The Autopsy of Christianity Stoops: By Ester Lighthorse
Sample Chapter

Chapter 5

    Regina Stoops was a woman of many talents. Highly intelligent and gifted in the arts of persuasion she was the master manipulator of all manipulators. Her intuitive powers were uncanny, and if a person was afraid of her she could smell that fear from a long ways away. She did not hesitate to utilize the fear she sensed in others to suit her own means and ends.
    A woman of old, Regina had more than just been around the block a few times. She was the one who had designed and built the block. She knew every nook and cranny, every shortcut, every alley way, every shadow. With ruthless precision she delegated the who, what, when, where, and why. It was not very often that she was bested by anyone, and whenever something like that did happen it was always a direct result of some asshole or other failing to follow instruction.

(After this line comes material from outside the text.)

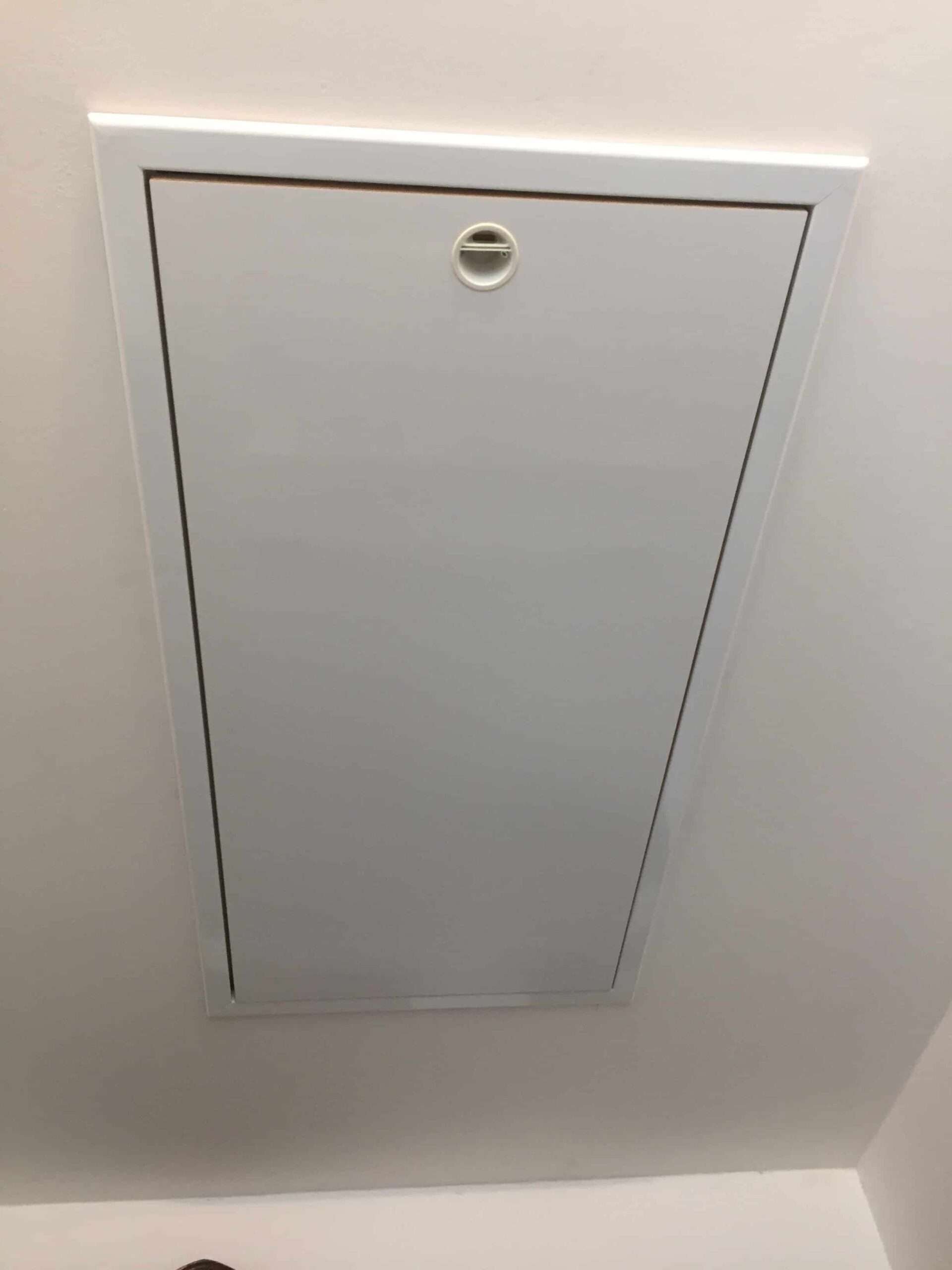 Die weiße Stahlzarge und der weiße Unterdeckel fügen sich optisch unauffällig ins Raumbild ein und sorgen für einen schönen Abschluss an der Decke.
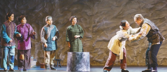 大幕拉開,人們看到的是一片老上海人似乎熟悉又帶著陌生氣息的場景。前客堂夫妻、亭子間嫂嫂、三層閣好婆、生煤爐的前樓娘舅、揀小菜的李家姆媽、拍著哄著啼哭嬰兒的玉珍……晾衣裳竹頭、煤球風(fēng)爐、此起彼伏的招呼聲……像夏衍先生的《上海屋檐下》 ,但生活在這里的人群比擠在石庫門里的七十二家房客更底層,更艱難,他們是真正在社會最底層摸爬滾打的貧民。有點像高爾基的《在底層》 ,但他們只是出賣力氣,還沒有出賣肉體,更沒有坑蒙拐騙。當(dāng)然最大的熟悉,在于編劇管燕草營造的上世紀初葉的底層生活的精準和精細。生活那么沉重!這種沉重,不僅表現(xiàn)在他們居住的擁擠得幾無轉(zhuǎn)身的逼仄空間,更集中體現(xiàn)在黃包車夫李三、玉珍生活的走投無路。它是對一個生活在這座城市里的市民曾有過的另一種記憶的召喚。除了燈紅酒綠流光溢彩,繁華的大樓后面其實還曾經(jīng)有過另一副憔悴得讓人心碎的面孔。

    She prided herself in the manner in which she had raised her only son, Christianity Stoops. From his very birth she taught him how to garner respect and instill fear. She taught him how to control and direct the minds of men. And in the event that those he led turned on him, she also taught her son how to slip through the judgments of humanity, re-create and re-invent himself, and then re-integrate into society.
    The death of her son was not a complete surprise to her. She knew damn well he was more than in just a little trouble health-wise. So, she had been biding her time and planning everything perfectly so that she would be able to render the proper treatment to cure that which ailed him. Unfortunately, for all of her intuitive abilities she had underestimated just how very deathly ill her son was. That was okay, though. She could work this out. She could make it work to her advantage. There was always a way to get done what needed to be done, and she always found that way.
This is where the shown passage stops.